Collection entries
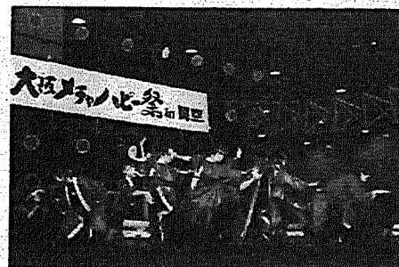
大阪メチャハッピー祭 in 関空
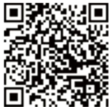
2023级硕士研究生英语分级调查问卷

2023 级研究生英语将实行分级教学(提高班A级、发展班B级)。本次问卷数据将为2023 级研究生入学英语分级主要依据, 请同学们认真填写。如有漏填、错填, 系统将默认为B级。扫码完成问卷截止时间为2023年7月30日。
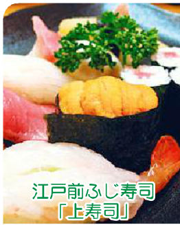
江戸前ふじ寿司 「上寿司」
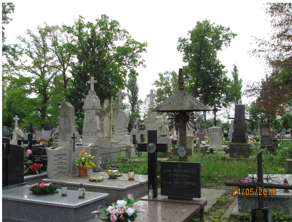
Fot. nr 4. Fragment cmentarza parafialnego rzymskokatolickiego.
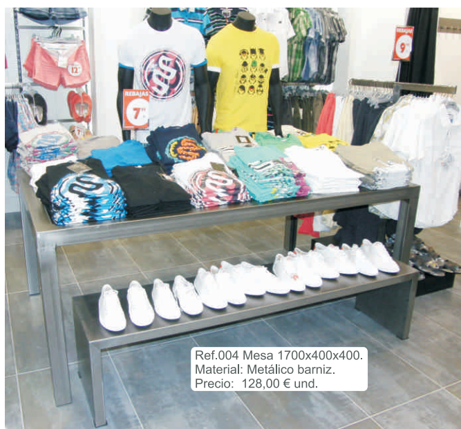
Ref.004 Mesa 1700x400x400. Material: Metálico barniz. Precio: 128,00 € und.
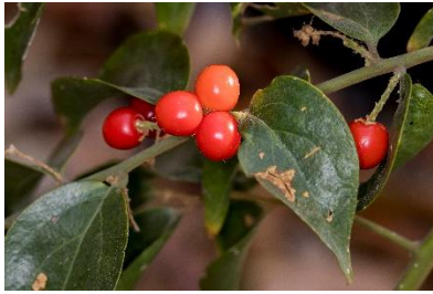
(a) Cansjera rheedei
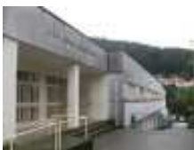
IES Johan Carballeira (Bueu)
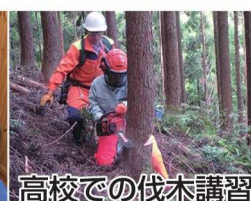
高校での伐木講習
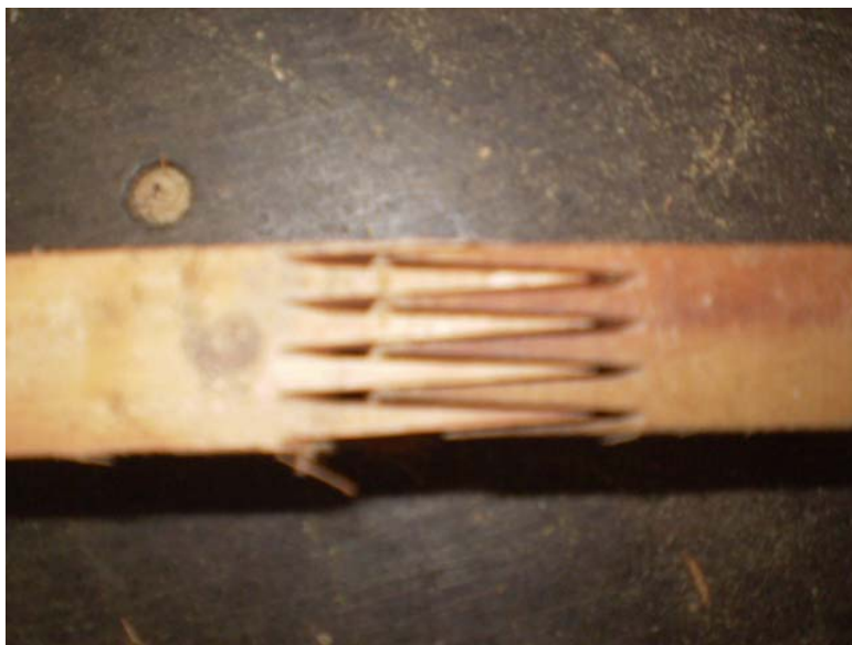
Figura 3 - Encaixe de topo tipo finger joint .
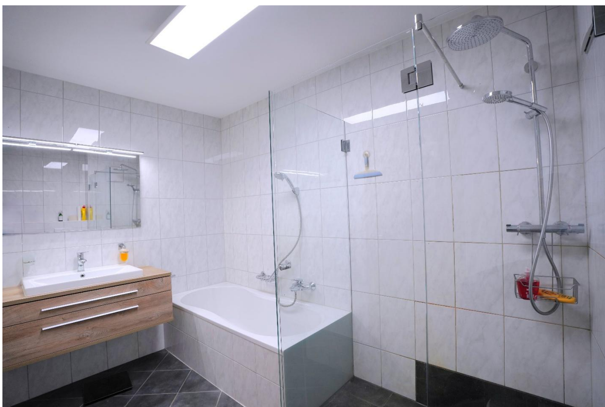
Badezimmer mit Badewanne, Dusche und WC

Immobilientreuhandbüro, Kaiser-Franz-Josef-Str. 15a, 6890 Lustenau T +43 660 6065250, office@mietplus.at, www.mietplus.at
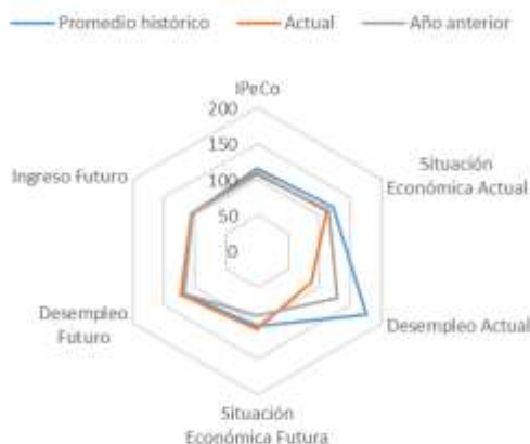
GRÁFICO 4 IPeCo y percepciones

- WORK TO BE COMPLETED -
Repeat the entries exactly as they are given, leaving out each image.

- EXERCISE OUTPUT -
大阪メチャハッピー祭 in 関空
2023级硕士研究生英语分级调查问卷

2023 级研究生英语将实行分级教学(提高班A级、发展班B级)。本次问卷数据将为2023 级研究生入学英语分级主要依据, 请同学们认真填写。如有漏填、错填, 系统将默认为B级。扫码完成问卷截止时间为2023年7月30日。
江戸前ふじ寿司 「上寿司」
Fot. nr 4. Fragment cmentarza parafialnego rzymskokatolickiego.
Ref.004 Mesa 1700x400x400. Material: Metálico barniz. Precio: 128,00 € und.
(a) Cansjera rheedei
IES Johan Carballeira (Bueu)
高校での伐木講習
Figura 3 - Encaixe de topo tipo finger joint .
Badezimmer mit Badewanne, Dusche und WC

Immobilientreuhandbüro, Kaiser-Franz-Josef-Str. 15a, 6890 Lustenau T +43 660 6065250, office@mietplus.at, www.mietplus.at
GRÁFICO 4 IPeCo y percepciones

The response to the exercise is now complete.